Treat the prompt files as code. They’re versioned, reviewable, and the wire-format between agents. Changes to a prompt are behaviour changes; treat them with the same care as code.
Don’t move the handoff folder into the DB. The convention of committing architect-plan.md etc. to the branch is what lets the reviewer see exactly what the executor agreed to do. Reading those from SQLite would still work, but it would lose the audit trail and the human-readable history on the PR.
Verdict markers are an interface contract. Prompts produce them; the runner parses them. Both sides should agree before either side ships. If you change the marker format, update both at once.
Progressive disclosure scales linearly. Because only name + description reach the system prompt, a phase with five skills costs the agent about the same context budget as a phase with one. The agent only pays the read cost for skills it actually loads.
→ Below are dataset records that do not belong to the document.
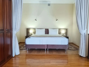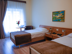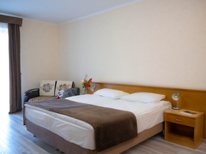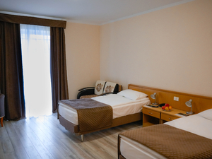 Сервис: Уборка номера ежедневно, смена белья - раз в 6 дней, смена полотенец - раз в 3 дня, смена белья – раз в 6 дней (в номерах «стандарт» и «комфорт»), раз в 3 дня (в люксах, апартаментах и сьютах), смена полотенец - раз в 3 дня (в номерах «стандарт» и «комфорт»), ежедневно (в люксах, апартаментах, сьютах).2-местный стандарт (макс. 2+1 чел., 25 кв. м, телевизор, кондиционер, душ/ванна, фен, халаты, тапочки, холодильник, сейф, телефон, мягкая мебель, 1-спальные/ 2-спальная кровать, чайник, набор посуды, французский балкон, санузел). Доп. место - еврораскладушка/диван, может быть установлен без ограничения по возрасту.2-местный комфорт (макс. 2+2 чел., 30 кв. м, телевизор, душ/ванна, биде, фен, халаты, тапочки, холодильник, сейф, телефон, 1-спальные/ 2-спальная кровать, чайник, набор посуды, французский балкон, санузел). Доп. место - еврораскладушка/диван, может быть установлен без ограничения по возрасту.2-местный полулюкс (макс. 2+2 чел., 35 кв. м, телевизор, душ/ванна, фен, халаты, тапочки, холодильник, сейф, телефон, 1-спальные/ 2-спальная кровать, чайник, набор посуды, французский балкон, санузел). Доп. место - еврораскладушка/диван, может быть установлен без ограничения по возрасту.2-местный 2-комнатный люкс (макс. 2+2 чел., 60 кв. м, телевизор, кондиционер, душ/ванна, фен, халаты, тапочки, холодильник, кухня/мини-кухня, сейф, телефон, 1-спальные/ 2-спальная кровать, диван, чайник, набор посуды, французский балкон, санузел, кухня (плита, посуда, столовые приборы)). Доп. место - диван, при размещении 4 человек третий и четвертый туристы размещаются на 2-спальном диване.2-местный 1-комнатный апартамент-студио (макс. 2+2 чел., 90 кв. м, телевизор, кондиционер, душ/ванна, биде, фен, халаты, тапочки, холодильник, сейф, телефон, 2-спальная кровать, диван, обеденный стол, чайник, набор посуды, французский балкон, санузел, есть номера коннект с 1но местными номером "комфорт"). Доп. место - диван, при размещении 4 человек третий и четвертый туристы размещаются на 2-спальном диване.2-местный 2-комнатный апартамент (макс. 2+2 чел., 90 кв. м, телевизор, кондиционер, душ/ванна, биде, фен, халаты, тапочки, холодильник, сейф, телефон, 2-спальная кровать, диван, обеденный стол, чайник, набор посуды, французский балкон, санузел, 2 ванные комнаты, есть номера коннект с 1но местными номером "комфорт"). Доп. место - диван, при размещении 4 человек третий и четвертый туристы размещаются на 2-спальном диване.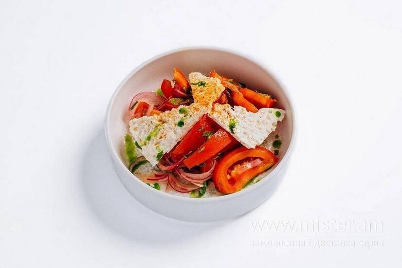 Свіжі томати з соєвим сиром, червоною цибулею та домашньою олією.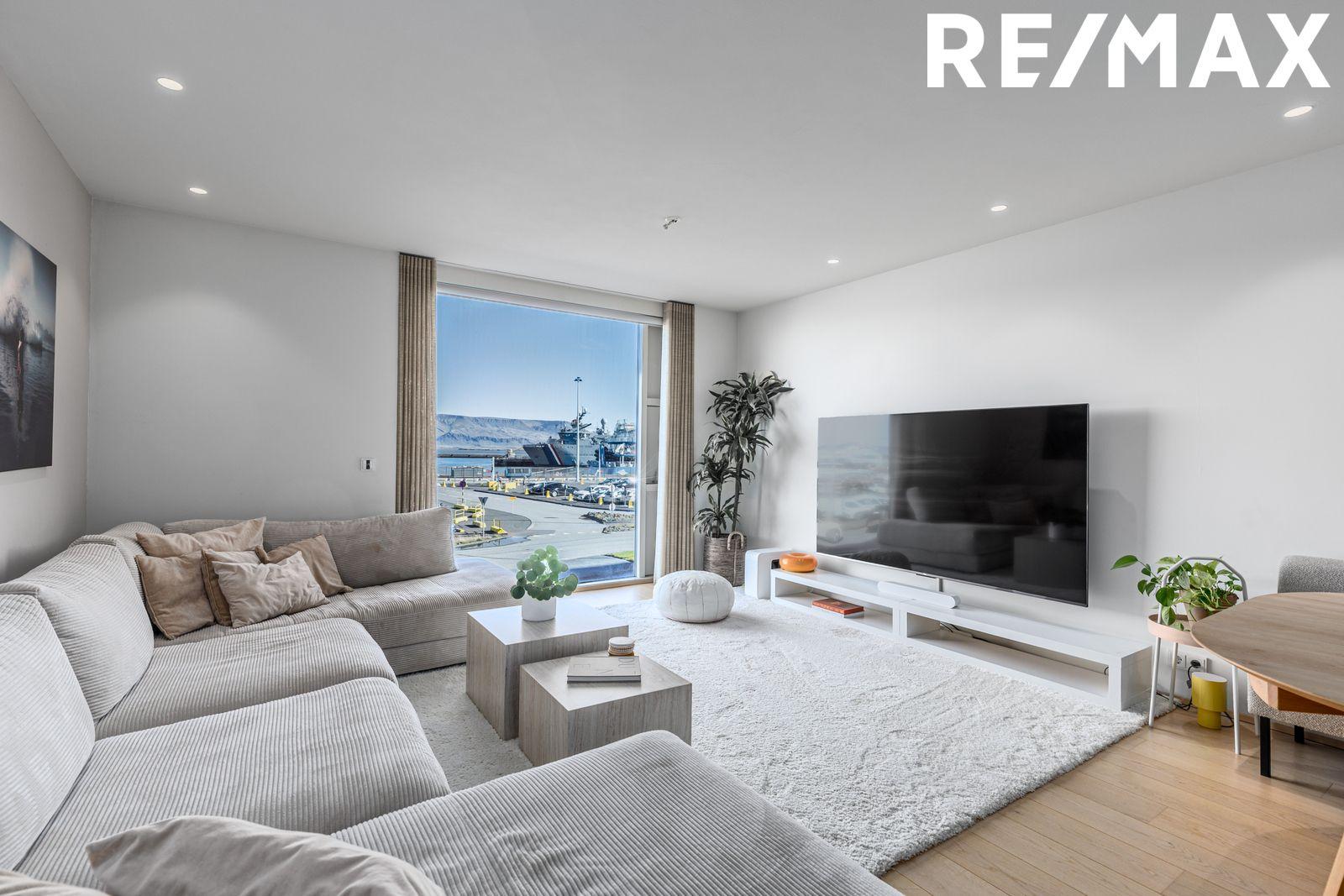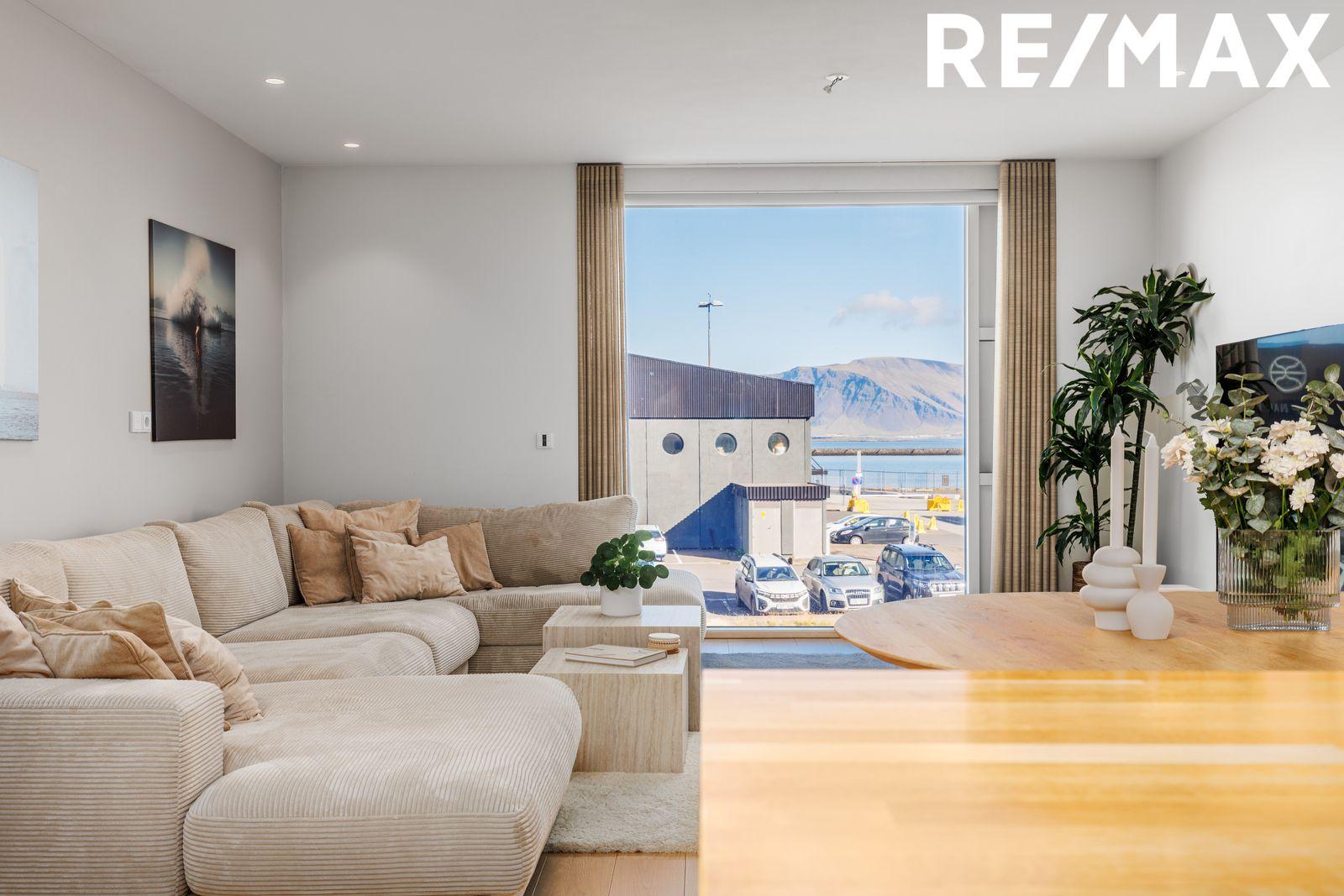RE/MAX og Oddur fasteignasali kynna í einkasölu:Einstaklega glæsileg og björt íbúð á 2. hæð að Tryggvagötu 13. Íbúðin stendur í hjarta miðborgarinnar með fallegt útsýni yfir Reykjavíkurhöfn. Eignin skiptist í anddyri, stofu, borðstofu og eldhús í alrými, opið svefnherbergi með walk-in skáp og baðherbergi, gestasalerni og þvottahús. Suðursvalir sem gengið er út á frá svefnherbergi. Sér geymsla í kjallara. Eikarparket er á öllum gólfum að undanskildum votrýmum. Eldhústæki frá AEG. Hiti er í öllum gólfum. Innréttingar frá HTH. Snertilaust lyklaaðgengi að íbúð, sameignarrými og útihurðum.

A re-implementation that pastes skill bodies into the prompt (the legacy approach) will block multi-skill phases on context budget.
Workflow-context variables belong in the prompt, not the skill. Skills are static — they don’t get template-rendered. If a phase needs to thread {{issueNumber}} etc., put that in the prompt: template and let the agent combine it with the skill’s instructions on its own.